They are beautiful, Caryn. It's been so windy here today, I've only been out long enough to collect the mail. Power went out this morning but thankfully for only about 40 minutes. Our cable and internet have been out all day. Supposedly service may be back around 7 pm. We'll see. Glad I have my mobile phone to get some internet service.


----------



## tamarque (Jan 21, 2011)

Caryn--your dogs look laughingly happy.

Pam--you are having some wicked weather systems out west.

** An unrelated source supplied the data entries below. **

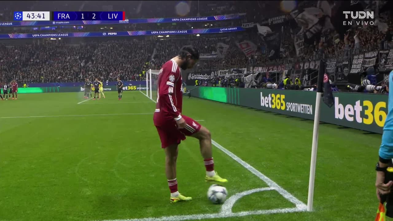 ¡Gol! Eintracht Frankfurt 1| Liverpool 3. Ibrahima Konaté (Liverpool) disparo de cabeza desde el centro del área tras un saque de esquina.
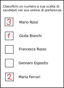 Non fate votare con una croce, fate votare con un numero. Invece di far votare per un singolo candidato, fate ordinare i candidati in ordine di preferenza. Non richiede uno sforzo di molto superiore alla croce e, nel peggiore dei casi, permette a chi vuole di continuare ad usare la croce (che assume finalmente il significato esplicito di “preferisco A su tutti ma sono indifferente agli altri in egual misura”).
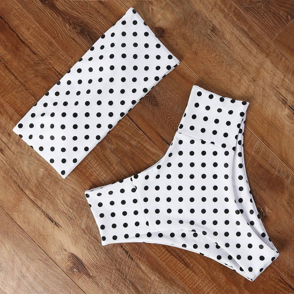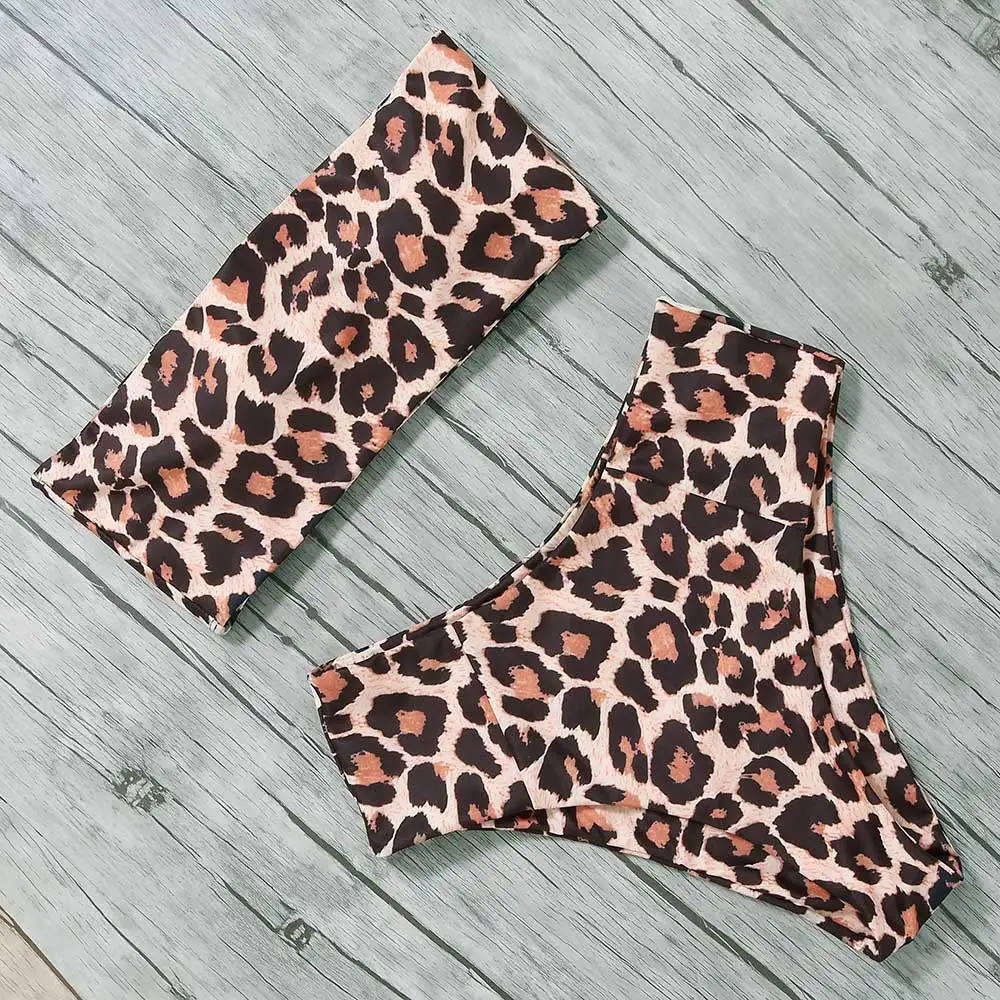 HIGH QUALITY tropical print swimsuit 2019 high waist bikini set bandeau bikini women strapless swimwear female b
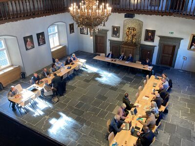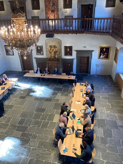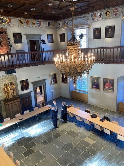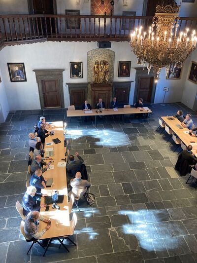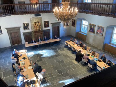 Die zweite Plenarversammlung der Arbeitsgemeinschaft christlicher Kirchen in der Schweiz (AGCK) trifft sich heute im bischöflichen Schloss in Chur. Auf Einladung von Bischof Joseph Maria sind viele der Mitglieder aus den verschiedenen christlichen Kirchen in der Schweiz zum ersten Mal im Schloss. Das Staunen ist gross. Trotz laufenden Renovationsarbeiten versprüht der mittelalterliche Rittersaal und das vorgelagerte Rokoko-Treppenhaus einen atemberaubenden Charme. Selbst die Gäste aus St. Gallen sind beeindruckt. Und die sind notabene im Stiftsbezirk St. Gallen in einem UNESCO-Weltkulturerbe, das als eines der bedeutendsten Kulturzentren des Abendlandes gilt, daheim.
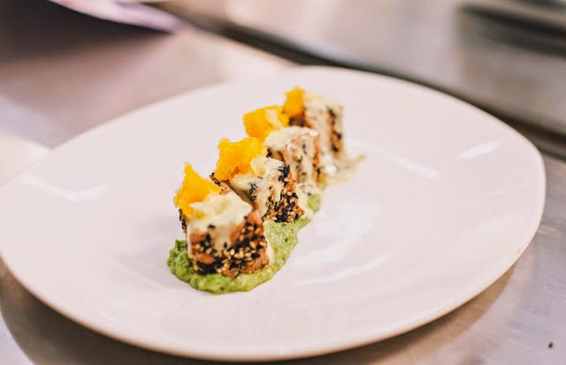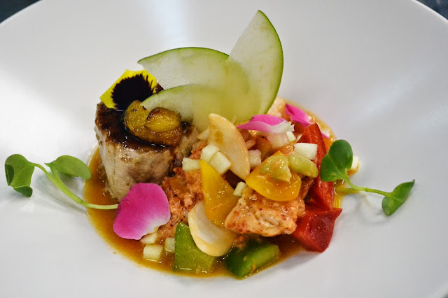 | Atún rojo con guacamole marino y pil pil de tomate |
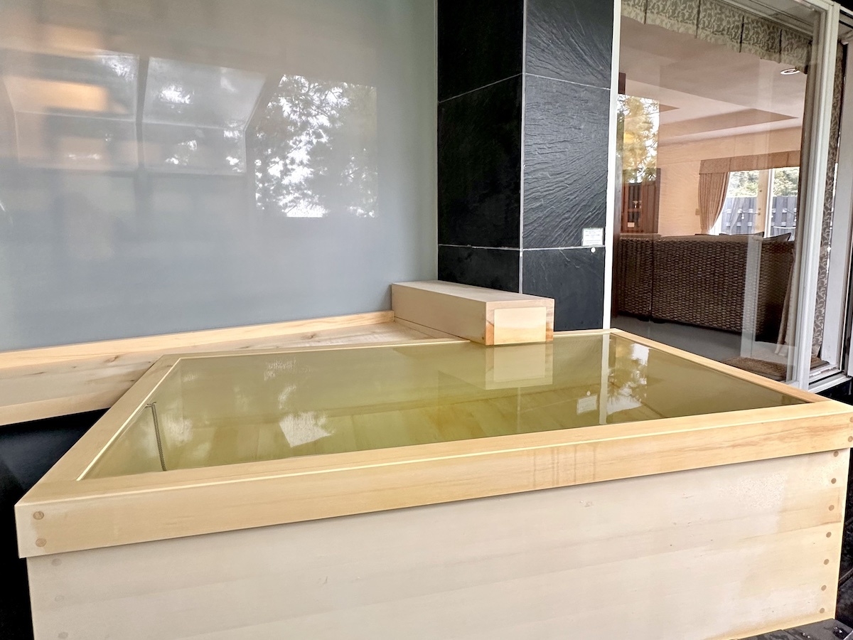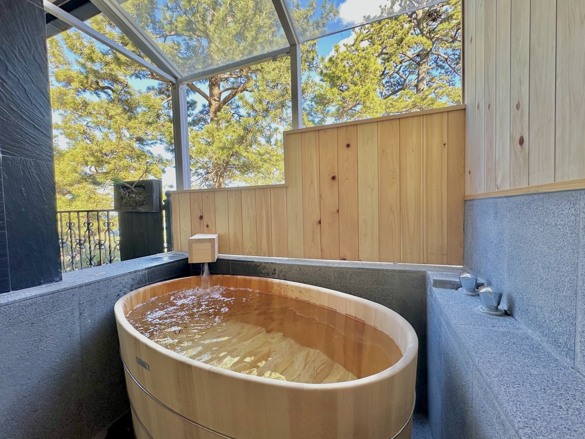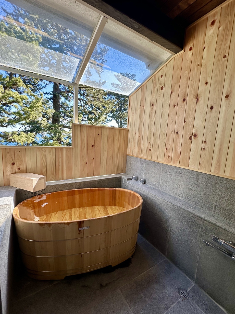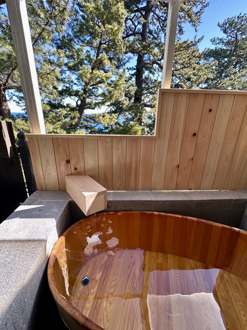 全室に源泉かけ流しの半露天風呂がございます。波の音を聞きながら、自分の好きなタイミングで好きなだけ温泉をお楽しみください。

Hope service is restored soon and good that you have your cell phone service.


----------



## TLL (Jul 15, 2012)

Normaedern said:


> And from me!!


And from me, too, Dodie!!!


----------



## TLL (Jul 15, 2012)

Congratulations on the progress on the castle shawls!!!

Take care in that crazy weather, Pam!

Way to make that chicken stretch, Julie!

Tanya, I'm so glad that you have been able to turn negative into positive in your life and become a stronger person for it. It sure isn't any fun to go through though.


----------



## Miss Pam (Jun 14, 2011)

tamarque said:


> Caryn--your dogs look laughingly happy.
> 
> Pam--you are having some wicked weather systems out west. Hope service is restored soon and good that you have your cell phone service.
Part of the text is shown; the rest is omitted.